Molly’s Game


There’s a lot of money talk in “Molly’s Game, whether it’s understandable or not. Most of it is provided by Jessica Chastain, who narrates the film with the same magic given by Leonardo Di Caprio in “The Wolf of Wall Street.” Ignore the money chattering, and enjoy “Molly’s Game” for its acting and I.Q.

Chastain stars as Molly Bloom, a would-be ski champ and would-be lawyer, who runs a poker game, and ends up getting arrested by the FBI for it. They consider it illegal, but Molly says otherwise. And this movie is based on Bloom’s autobiographical novel.

Before her arrest, we see her in LA looking for odd jobs, including one as a production assistant, in order to pay for law school. One night, she helps out at a poker game and earns a nice chunk of change. That’s when the game changes got Molly.

She has movie stars, businessmen, and the Russian mob on the tables, and each of them have ambitions of their own.

The cast also includes Idris Elba as Molly’s attorney, who struggles to support Molly during the trial; Kevin Costner as Molly’s therapist father, whom she picks arguments with him; Jeremy Strong as Molly’s former pushy boss; Michael Cera as a famous movie star; and Chris O’Dowd as the only Irishman on the tables.

And out of these stars Chastain has style, vulnerability, and charisma; Elba works well as the attorney; and Costner is likable as the father.

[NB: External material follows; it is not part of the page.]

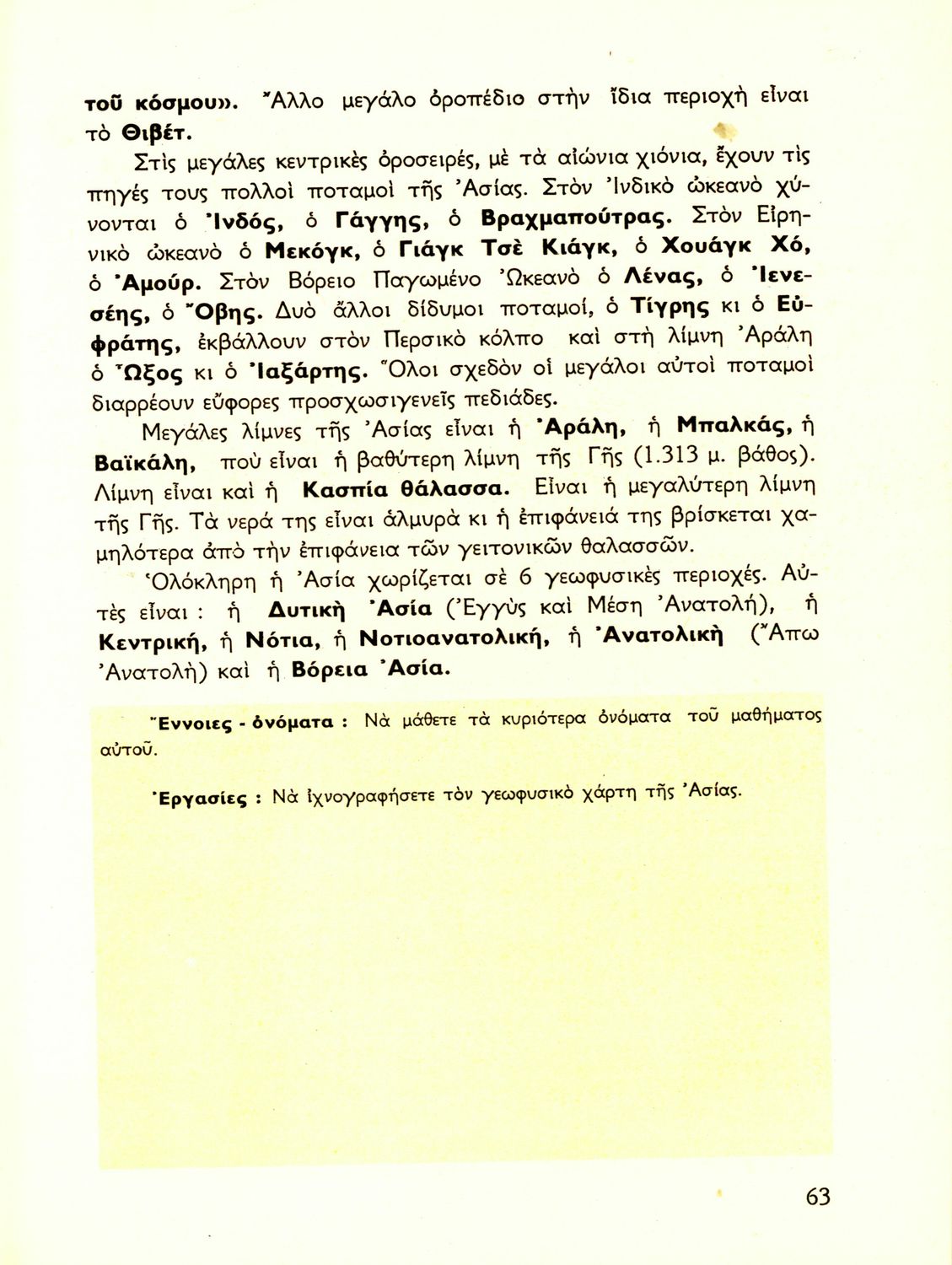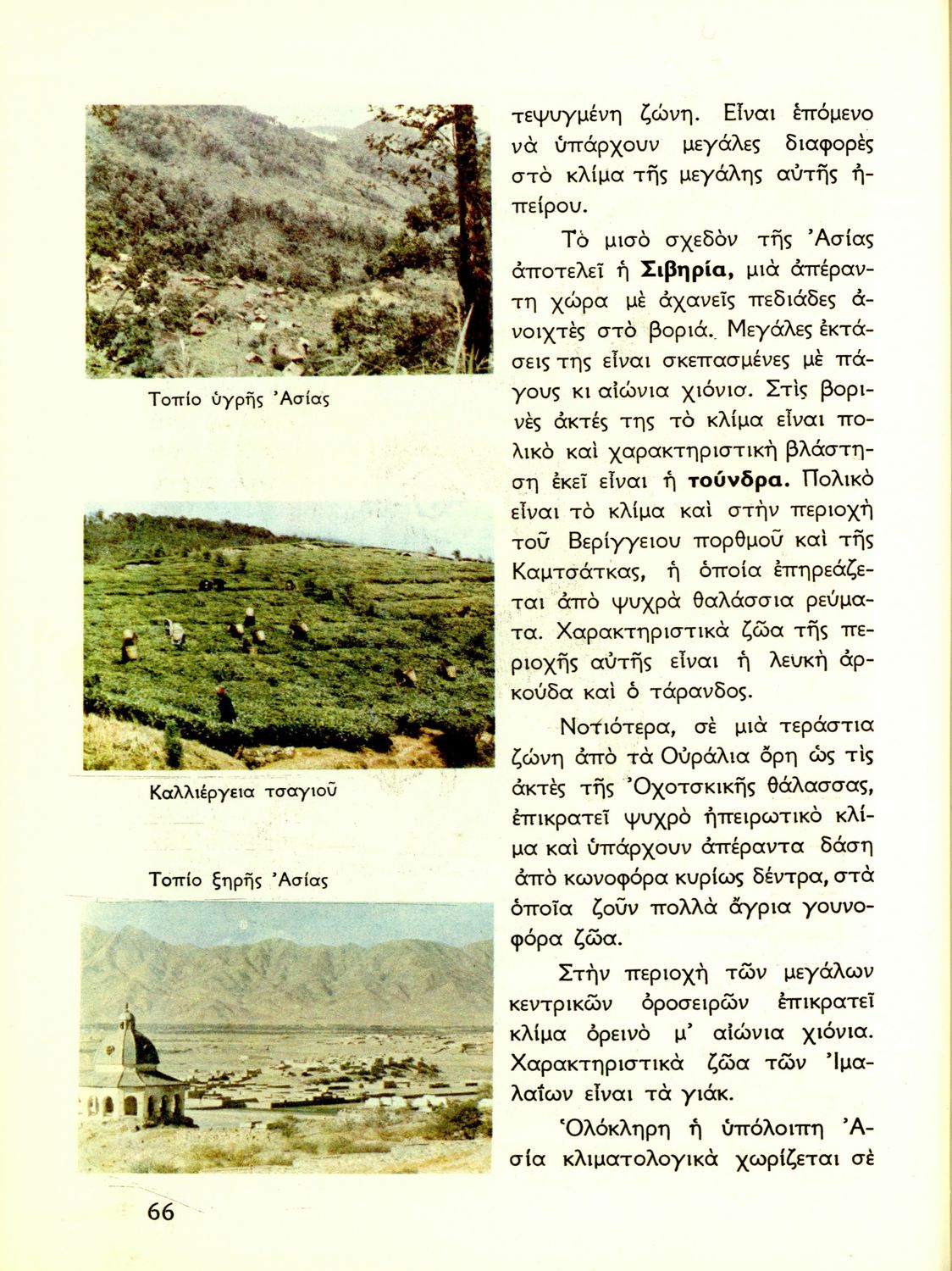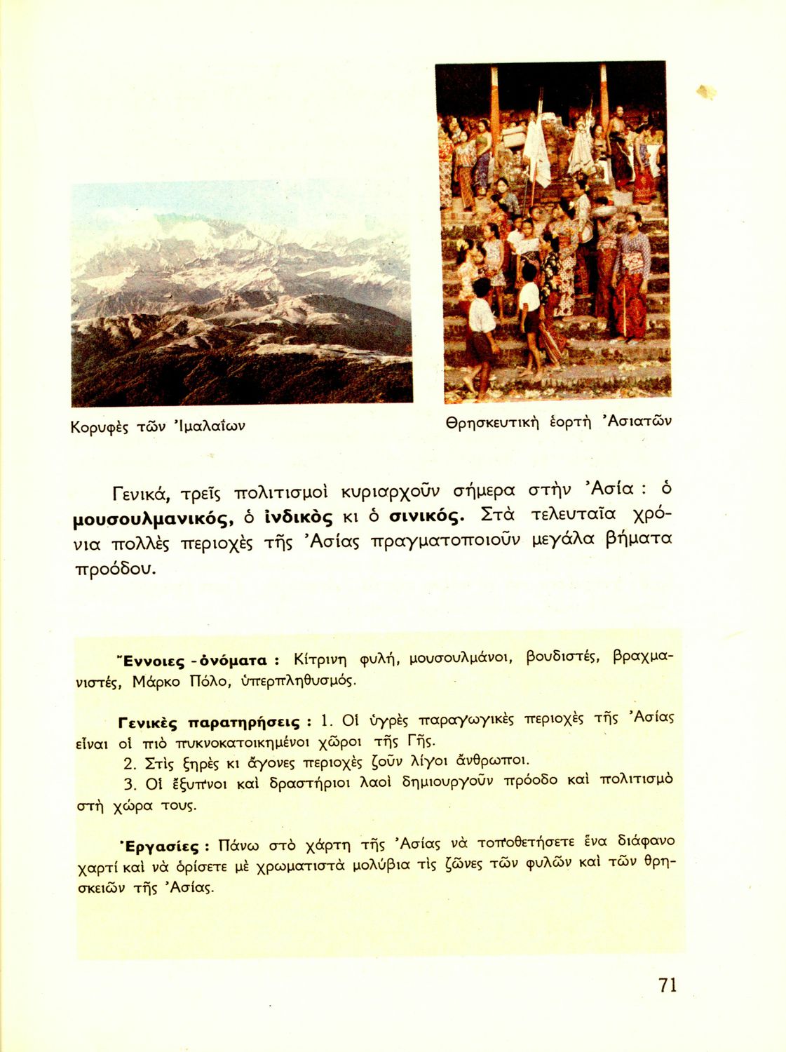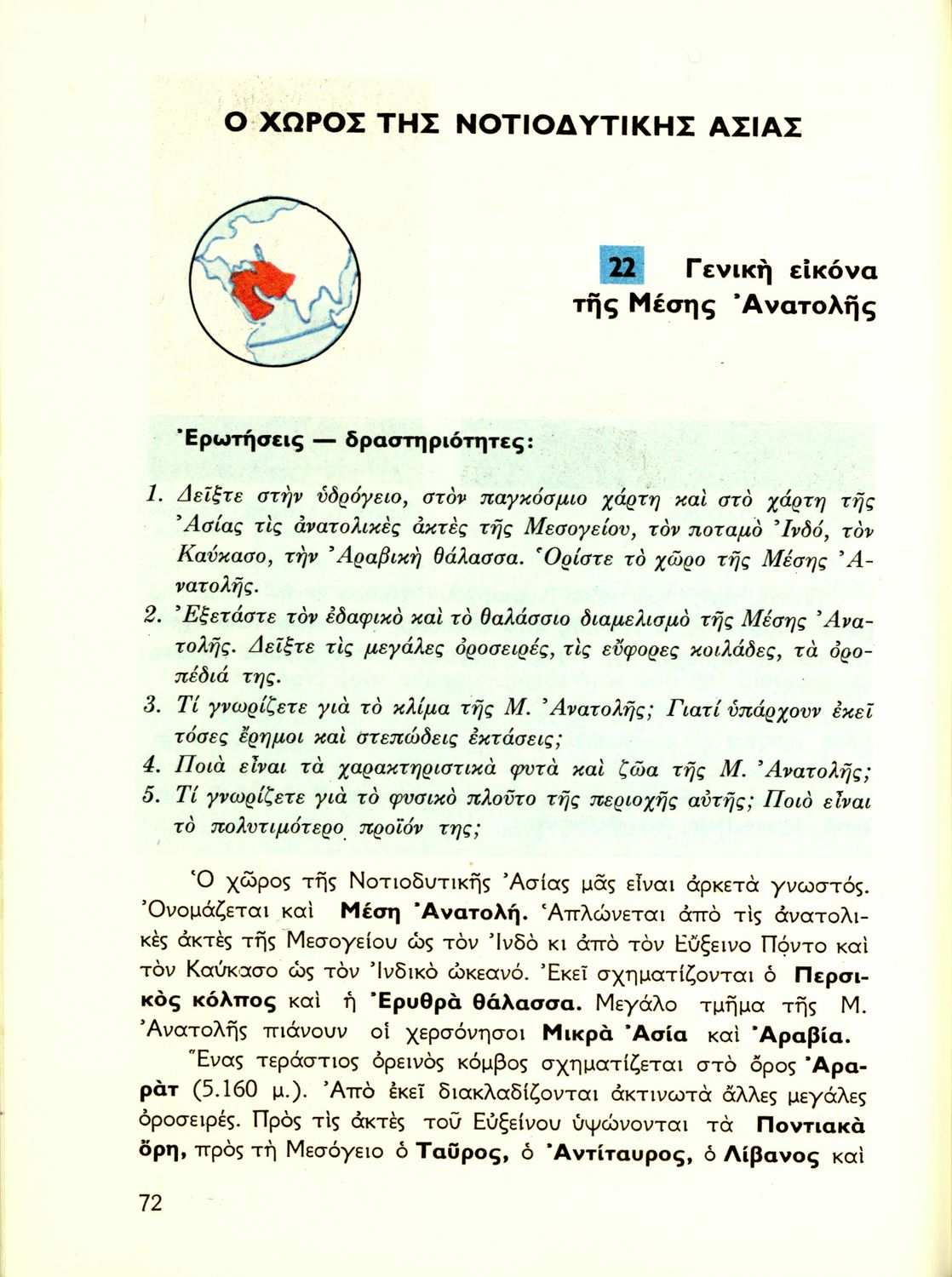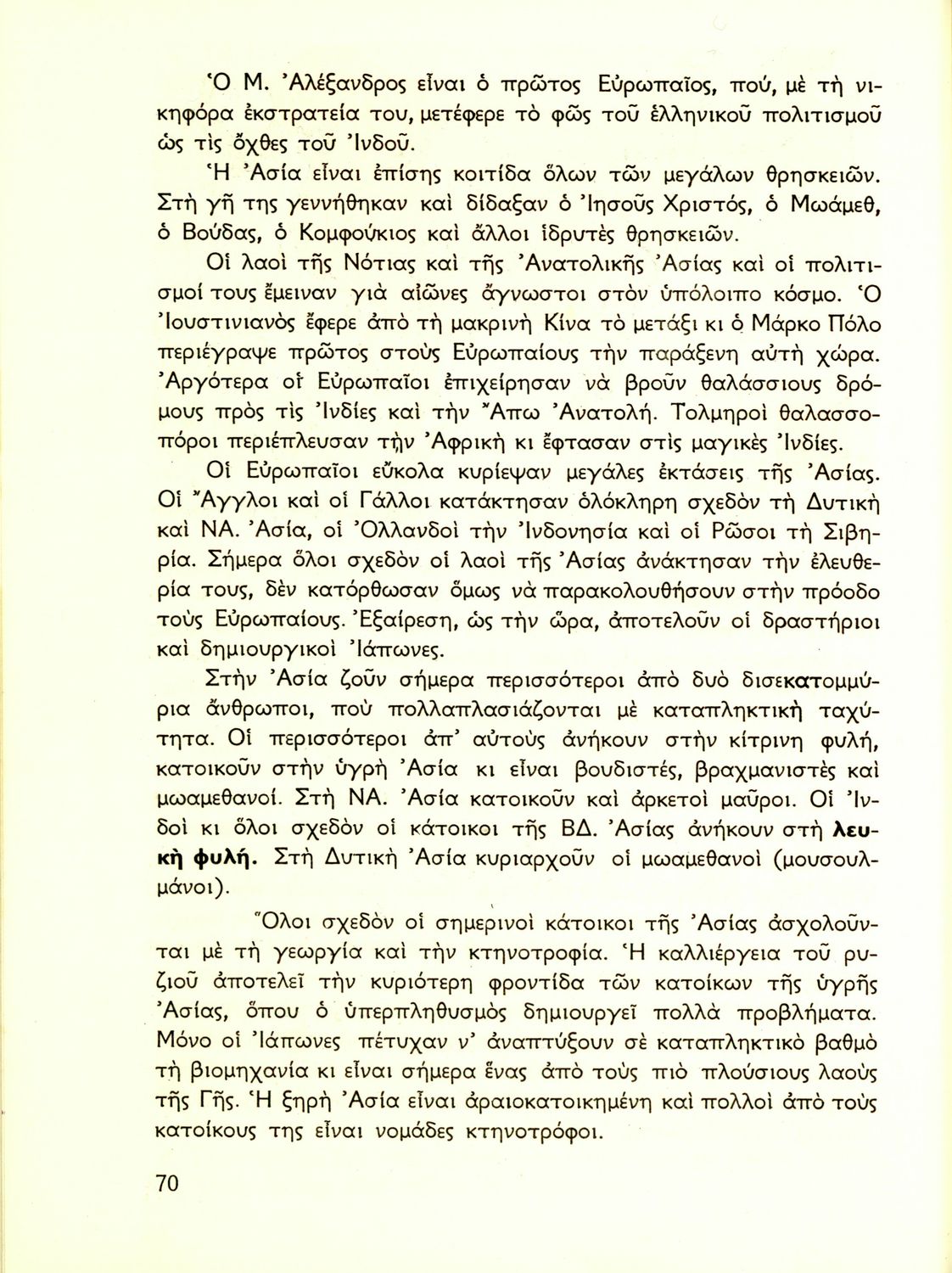 Σχολικό εγχειρίδιο Γεωγραφίας που εξετάζει ενδεικτικές χώρες και περιοχές από τις πέντε ηπείρους εκτός της Ευρώπης από γεωφυσική και οικονομική πλευρά. Φέρει το σύμβολο της δικτατορίας.
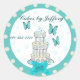Elegant teal and tan design with a wedding cake and a pale teal bow, on a round sticker. Customise the text to meet your needs. Perfect for use in your business.

This is the directorial debut of Aaron Sorkin, the writer of “The West Wing,” “Moneyball,” and “The Social Network,” among others. He does a nice job directing “Molly’s Game,” and although I couldn’t get fully involved with the numbers, I still enjoyed the movie for its strong ambitions and Chastain’s charms.

And for the record, when I gamble in Atlantic City, I just play the slot machines, but does that prevent me from liking the movie? No.